Effect of defatted Lagenaria siceraria (Molina) Standley seed flour as a fat replacer on physicochemical, technological, and sensory properties of beef patty.

Defatted Lagenaria siceraria seed flour (DLSSF) was obtained from defatted seed cake, dried, and ground through a sieve of 500 µm and characterized. A 2 × 4 factorial design (two flour hydration rates and four fat substitution rates) was used to produce a low-fat beef patty by replacing fat with DLSSF. Beef kidney fat was used to formulate the control sample. Chemical, physical, technological, sensory, and nutritional characteristics of low-fat beef patties manufactured were evaluated. DLSSF contains mainly protein.
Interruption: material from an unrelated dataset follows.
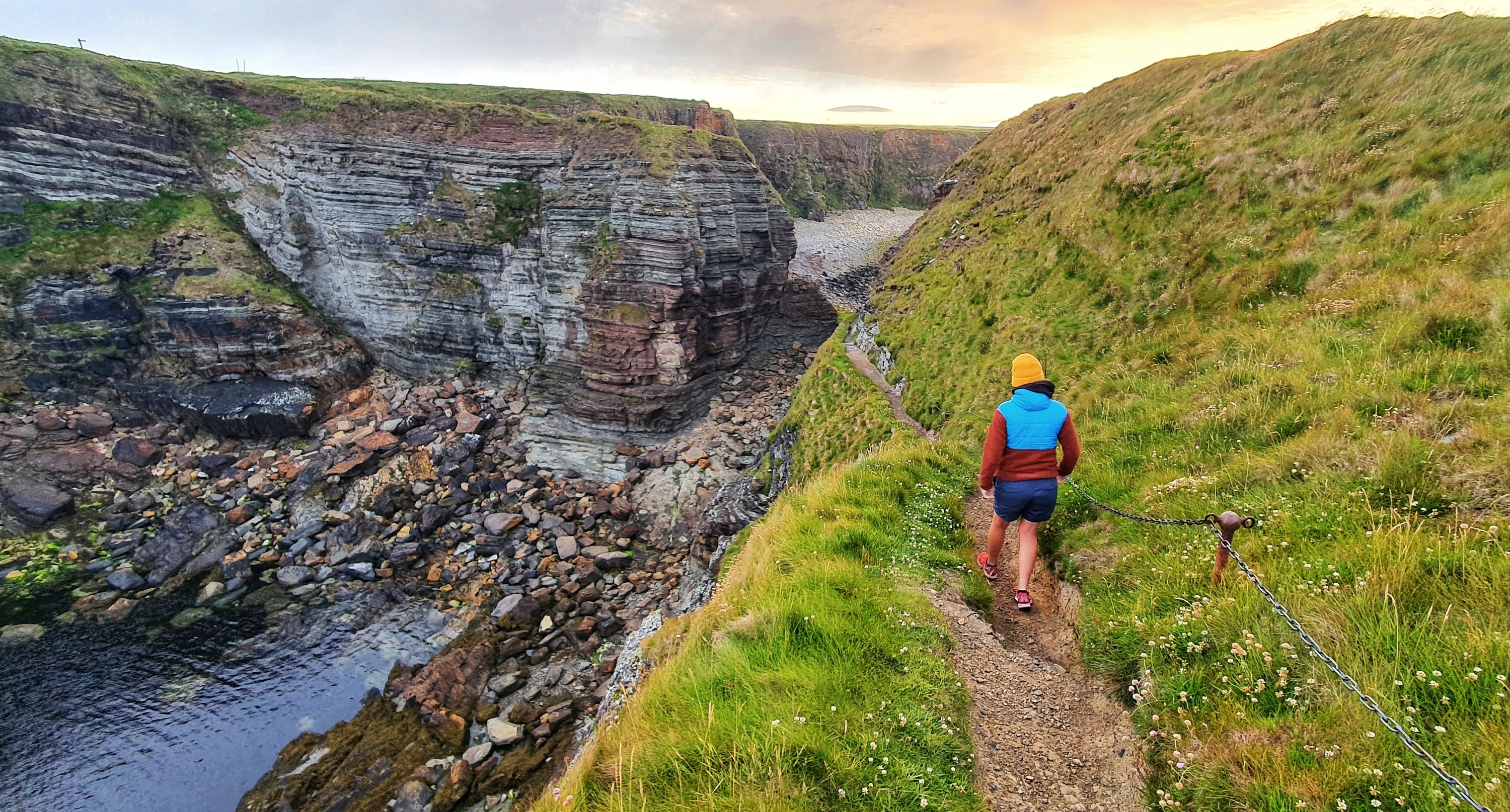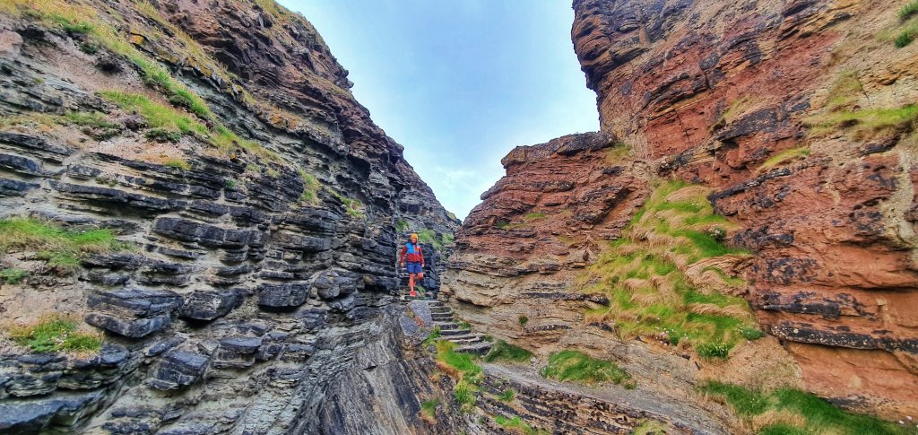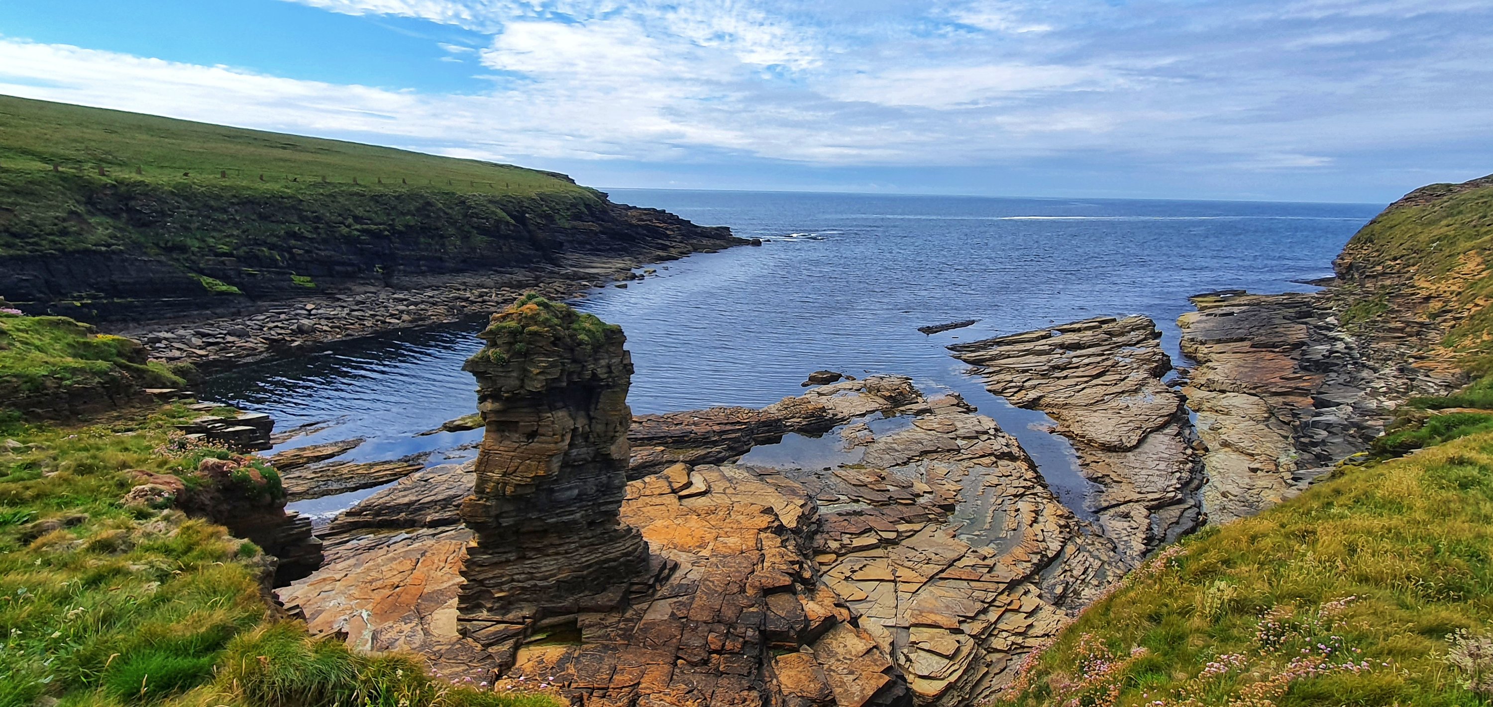We clambered down the steps to the base of the Brough and saw a beautiful rocky bay on one side and a lovely calming geo on the other.

As fat replacers, DLSSF induces a significant increase in the pH of the raw and cooked patty, the moisture and protein contents, the cooking yield, the cohesion, chewiness, springiness, and lightness of the cooked beef patty with fat substitution rate. There is a decrease in fat content, total calories, water retention capacity, hardness, and redness of the cooked patty with a fat substitution rate. From the sensory analysis, the substitution of fat improves the acceptability of samples. Based on the overall parameters analyzed, DLSSF containing 60% water can be used to produce low-fat beef patty by replacing fat at 100%. From these results, hydrated DLSSF could be an effective method to solve the problems of noncommunicable diseases related to animal fat consumption.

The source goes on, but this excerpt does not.